Henri IV est un homme faible, particulièrement devant les femmes. Il est de plus en plus isolé et Gabrielle apparaît comme la seule amie, confidente, maîtresse empressée. Sauf que cette histoire fut revisitée par Agrippa d’Aubigné qui lui était reconnaissant du soutien qu’elle apporta toujours aux Huguenots. C’est plutôt une affection d’habitude et d’intérêt qu’elle portait au souverain. Elle occupe la place d’une épouse durant sept années, sans avoir la bague au doigt.
Elle le trompe dès le début ce qui rendait le roi fou de jalousie, en lui retirant la concentration nécessaire à l’homme d’État durant les conflits que traversait le pays.

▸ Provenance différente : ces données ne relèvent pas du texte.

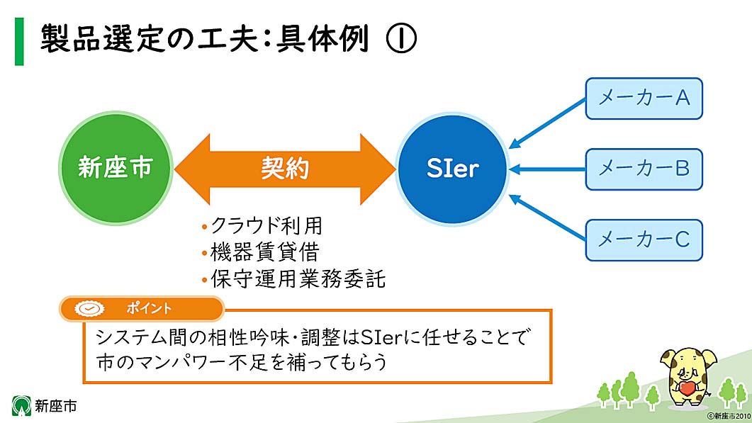 SIerは、教育ネットワークの運用から保守にわたって主体的に動く業者、メーカーは各種システムの開発をしている業者、というイメージです。この分類により、上図のような構成となり、市の担当者は本来の業務に専念できます。契約も1社との締結なのでシンプルです。SIerにはメーカーの統率や調整などを任せ、立場を自覚させるという面でも意味がありました。

Il n’est pas plus fidèle mais elle devait lui appartenir ! Cette femme avisée et de bon sens prend de plus en plus de place dans la vie et les décisions du monarque. Elle lui donne un 3e enfant, Alexandre de Vendôme.
Devenir reine de France
Il lui reste deux ans à vivre et elle tient le rang d’une reine de France. Ce n’est pas pour autant que sa position et ses aspirations, partagées par le roi, de devenir reine de France, soient bien perçues.
Des Grands du royaume, en passant par l’Église, le Vatican (le pape Clément VIII freine les choses car il voudrait que le roi épouse sa nièce Marie de Médicis), la Cour et le peuple, on ne veut pas de la « putain » qui salirait l’image du roi et du pays. Leurs enfants adultérins deviendraient héritiers, ce qui ne peut être. Même les Cours d’Europe s’inquiètent de nouveaux troubles en France consécutifs à ce mariage éventuel.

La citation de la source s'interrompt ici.